═══ AVAILABLE RECORDS ═══

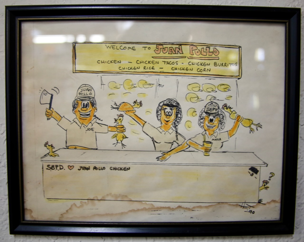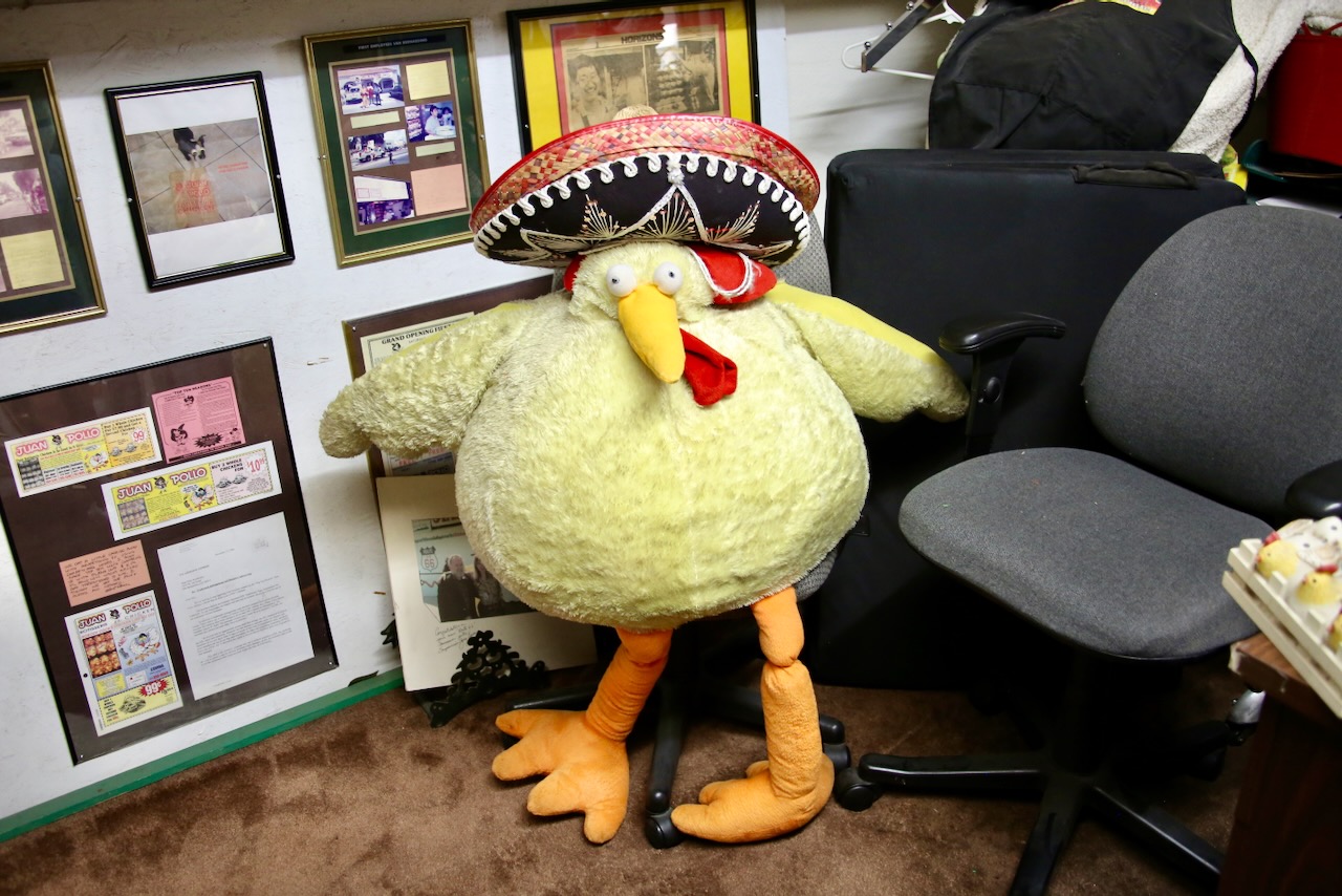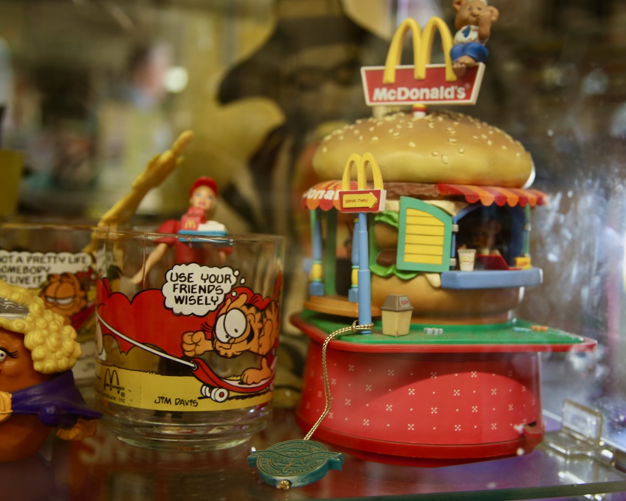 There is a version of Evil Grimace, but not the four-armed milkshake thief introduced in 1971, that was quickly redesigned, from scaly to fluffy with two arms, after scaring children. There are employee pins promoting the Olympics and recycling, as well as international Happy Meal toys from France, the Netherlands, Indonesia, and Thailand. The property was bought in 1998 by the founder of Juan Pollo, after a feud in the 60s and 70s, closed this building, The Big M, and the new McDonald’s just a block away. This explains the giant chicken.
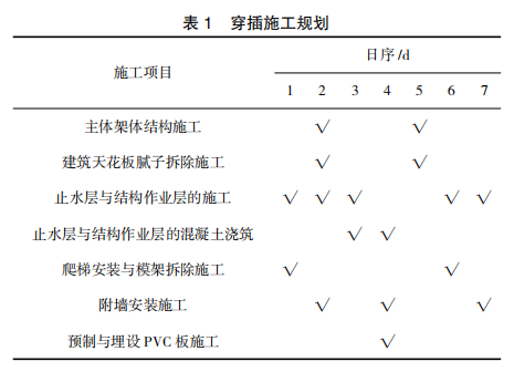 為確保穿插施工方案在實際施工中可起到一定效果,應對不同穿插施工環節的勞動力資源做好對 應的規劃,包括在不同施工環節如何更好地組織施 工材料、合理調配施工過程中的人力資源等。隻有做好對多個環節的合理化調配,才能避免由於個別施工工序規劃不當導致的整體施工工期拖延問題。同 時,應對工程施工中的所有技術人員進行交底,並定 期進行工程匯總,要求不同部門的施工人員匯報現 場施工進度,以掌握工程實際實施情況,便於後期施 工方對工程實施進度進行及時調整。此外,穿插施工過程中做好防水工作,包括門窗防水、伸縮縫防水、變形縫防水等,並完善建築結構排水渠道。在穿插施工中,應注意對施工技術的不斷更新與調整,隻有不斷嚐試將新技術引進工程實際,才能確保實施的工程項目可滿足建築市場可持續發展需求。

═══
═══ AVAILABLE RECORDS ═══

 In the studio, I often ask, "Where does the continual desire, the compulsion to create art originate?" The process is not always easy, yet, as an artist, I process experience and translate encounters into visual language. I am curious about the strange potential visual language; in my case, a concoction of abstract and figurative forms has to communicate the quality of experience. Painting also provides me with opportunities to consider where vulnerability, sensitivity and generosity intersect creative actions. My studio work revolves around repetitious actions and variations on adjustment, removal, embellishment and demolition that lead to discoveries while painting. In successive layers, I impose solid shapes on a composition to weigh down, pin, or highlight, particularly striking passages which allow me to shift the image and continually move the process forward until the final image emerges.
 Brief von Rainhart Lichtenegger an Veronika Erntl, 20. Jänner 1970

═══
═══ AVAILABLE RECORDS ═══

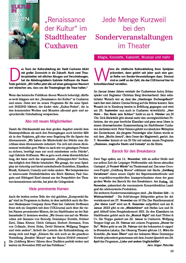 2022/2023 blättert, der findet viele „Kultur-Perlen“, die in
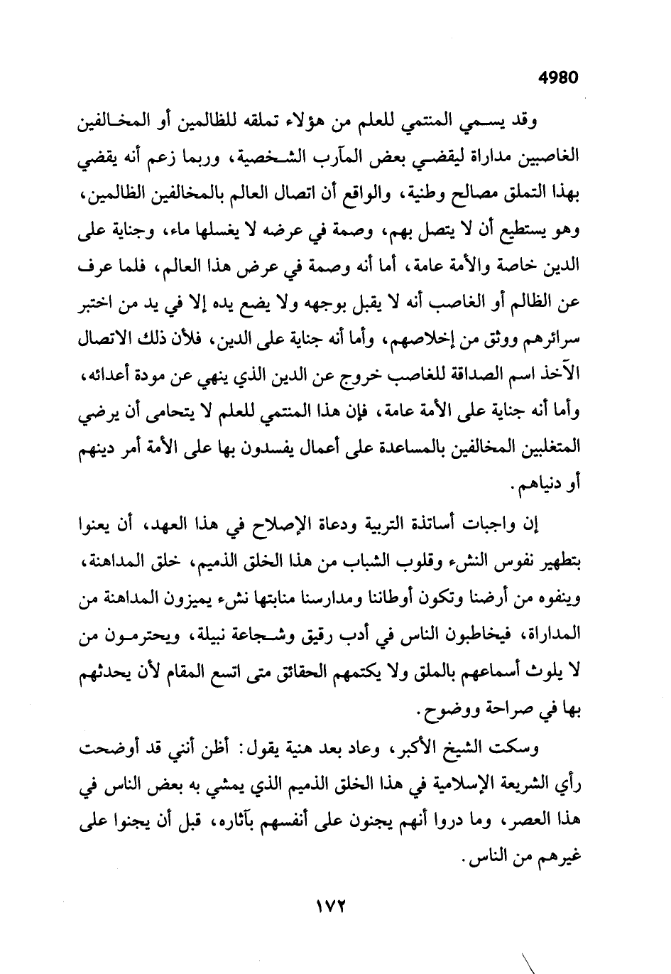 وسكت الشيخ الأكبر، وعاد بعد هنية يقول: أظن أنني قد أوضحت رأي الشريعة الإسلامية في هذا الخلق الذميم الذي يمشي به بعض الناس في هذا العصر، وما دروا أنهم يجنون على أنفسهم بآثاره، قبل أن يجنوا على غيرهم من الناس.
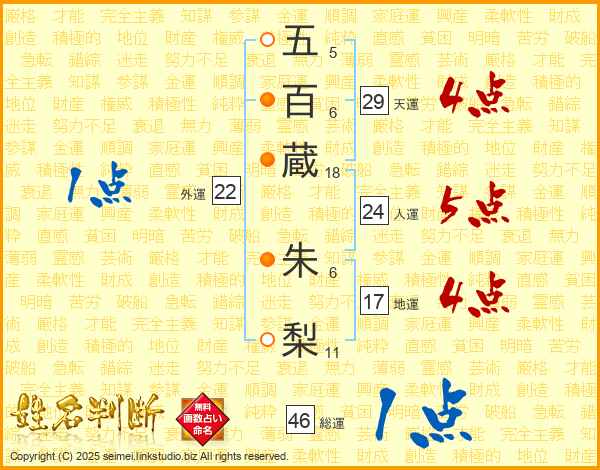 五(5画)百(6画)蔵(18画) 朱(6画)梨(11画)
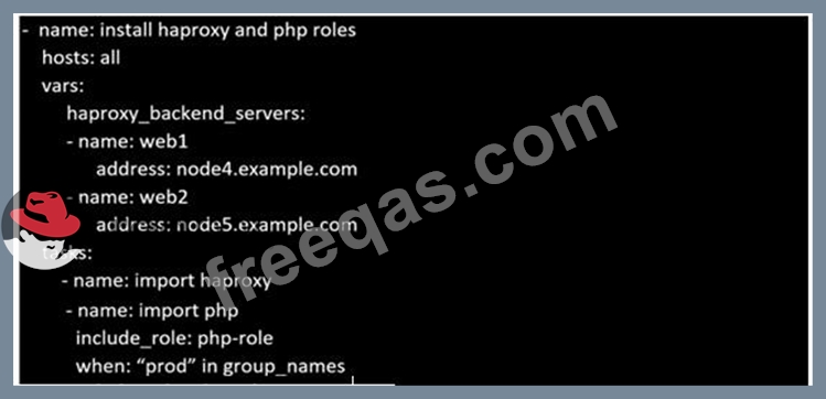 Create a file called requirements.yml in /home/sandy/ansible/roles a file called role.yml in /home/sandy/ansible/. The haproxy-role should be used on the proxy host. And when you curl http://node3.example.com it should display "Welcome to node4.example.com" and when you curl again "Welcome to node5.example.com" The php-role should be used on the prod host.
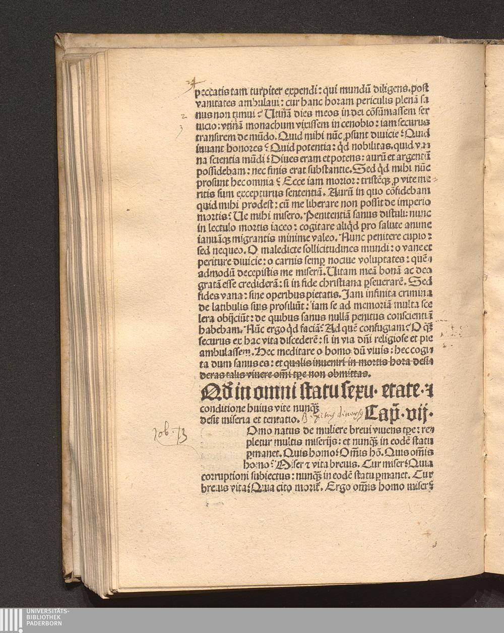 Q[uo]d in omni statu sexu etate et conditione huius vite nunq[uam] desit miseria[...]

═══

EXERCISE BRIEF >>
Return the material from the line containing "Create a file" through the line containing "Q[uo]d in omni", exactly and in full, but without its pictures.

SOLVED PROBLEM >>
 Create a file called requirements.yml in /home/sandy/ansible/roles a file called role.yml in /home/sandy/ansible/. The haproxy-role should be used on the proxy host. And when you curl http://node3.example.com it should display "Welcome to node4.example.com" and when you curl again "Welcome to node5.example.com" The php-role should be used on the prod host.
 Q[uo]d in omni statu sexu etate et conditione huius vite nunq[uam] desit miseria[...]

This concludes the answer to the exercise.